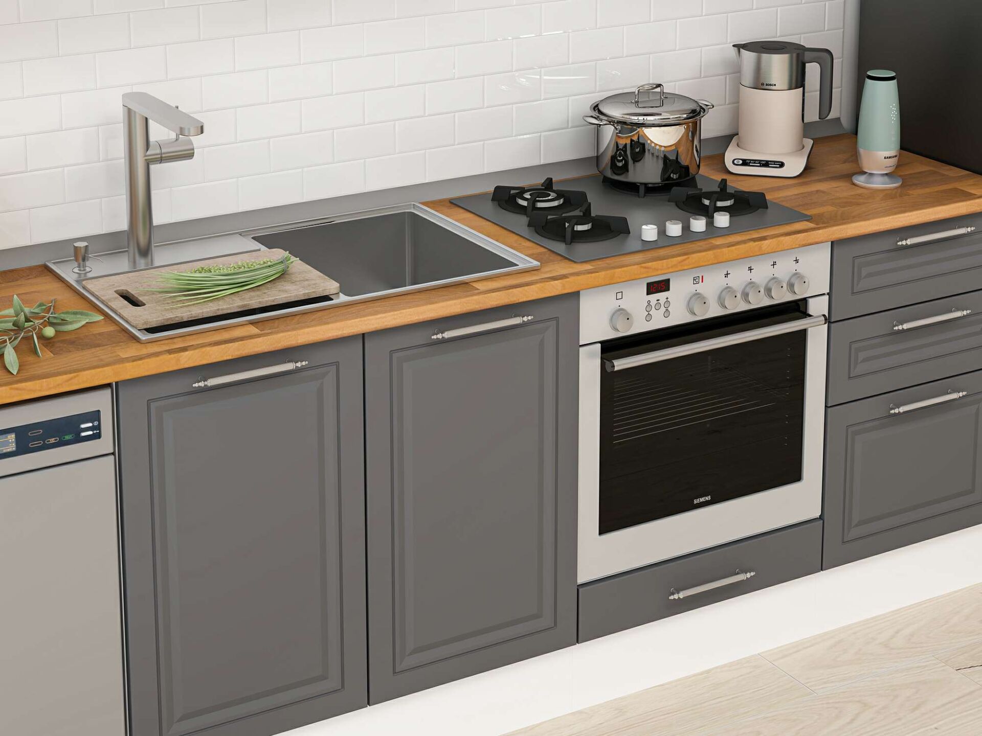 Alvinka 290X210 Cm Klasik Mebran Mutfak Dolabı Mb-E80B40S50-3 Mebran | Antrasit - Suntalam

--

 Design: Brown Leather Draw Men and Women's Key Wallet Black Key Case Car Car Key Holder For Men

---

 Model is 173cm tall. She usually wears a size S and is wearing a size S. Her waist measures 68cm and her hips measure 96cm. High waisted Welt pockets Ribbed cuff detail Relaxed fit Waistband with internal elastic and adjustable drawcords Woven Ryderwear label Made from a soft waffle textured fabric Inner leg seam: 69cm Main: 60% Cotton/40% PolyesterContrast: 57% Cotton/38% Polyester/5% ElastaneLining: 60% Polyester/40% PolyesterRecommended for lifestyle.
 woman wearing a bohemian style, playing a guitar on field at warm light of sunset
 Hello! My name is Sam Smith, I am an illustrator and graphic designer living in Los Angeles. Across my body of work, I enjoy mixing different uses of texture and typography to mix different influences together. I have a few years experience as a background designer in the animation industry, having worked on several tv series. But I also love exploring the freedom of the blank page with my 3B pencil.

> _What is expected_:
Only the number is wanted: how many lines in the data include the string "wearing"?

> _Written solution_:
2